La reciente edición de Las mil vidas de Gabriela despeja el banco de niebla y amplía la capacidad de asombro ante una autobiografía que supera los límites acotados de la literatura del rock para convertirse en un fascinante libro de memorias. Sin la ayuda de un ghostwriter, Gabriela pasea con elegancia y rigor por esas vidas recuperadas que transitan casi ocho décadas de arte, aventuras y emancipación.

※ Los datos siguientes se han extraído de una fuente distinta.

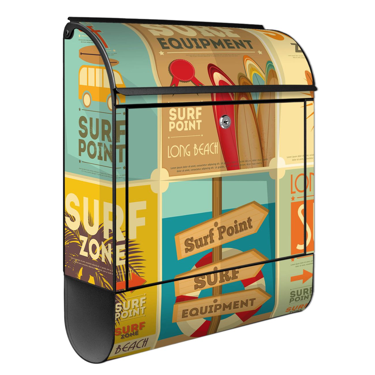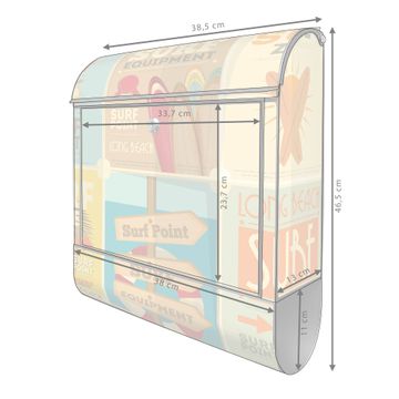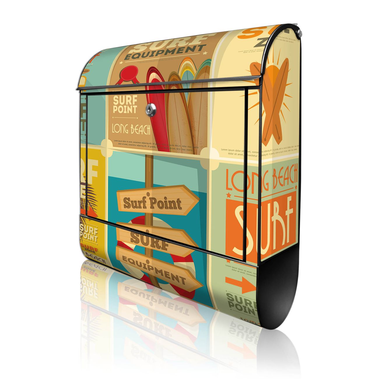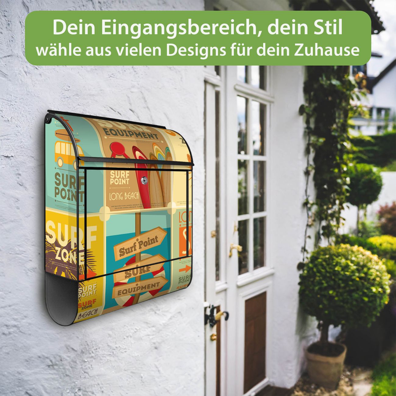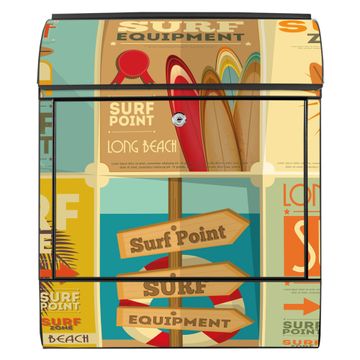 DESIGN: Der Postkasten mit Motiv Motiv Surf Point hat ein sehr ansprechendes und ausgefallenes Design, damit entlocken Sie Ihren Nachbarn und dem Postboten ein Lächeln. Heben Sie Sich von der tristen grauen Masse ab, ohne auf Funktionalität zu verzichten. DETAILS: Der Postkasten besteht aus pulverbeschichtetem Stahl. Er ist 38x46x12,5cm groß. Das Motiv besteht aus einer wetter- und UV-resistenten Folie, die mit einem Schutzlaminat überzogen ist, sodass der Briefkasten zusätzlich vor Kratzern geschützt ist. Der Briefkasten wird mit Montagematerial, zusätzlich zwei Schlüssel sowie einer Bohrschablone geliefert. NUTZEN: Sie können diesen Briefkasten sowohl als Wandbriefkasten montieren oder einen passenden Ständer kaufen und als Standbriefkasten einbetonieren. Die Größe bietet genügend Platz für Sendungen aller Art, der Einwurf fasst auch größere A4 Sendungen. BANJADO: Ihr Briefkasten wird in Sachsen in einer kleinen Manufaktur von Hand veredelt. Die Motivfolie ist lösungsmittelfrei und schutzlaminiert für einen langen Halt. Wir legen großen Wert auf die Verbindung von Funktionalität und Design. Sie erhalten Handarbeit aus Sachsen.

“Escribir este libro fue muy liberador. Uno a veces tiene la cabeza tan llena de cosas que no entra nada más y ahora siento que tengo mi cabeza vacía y puedo empezar a hacer otras cosas”, dice la autora en una soleada mañana de noviembre. “Por momentos sentía que no tenía una sola idea y no las tenía porque estaba llena de un pasado; mi edad, imaginate… Cargo una mochila muy pesada y, si no saco cosas y sigo agregando, me mata. El libro fue eso y hacía mucho tiempo que no disfrutaba tanto de algo, de escribirlo, de promocionarlo…”.

Con su autobiografía en las librerías, Gabriela fantasea con nuevos proyectos, incluso musicales. (Foto: Nora Lezano)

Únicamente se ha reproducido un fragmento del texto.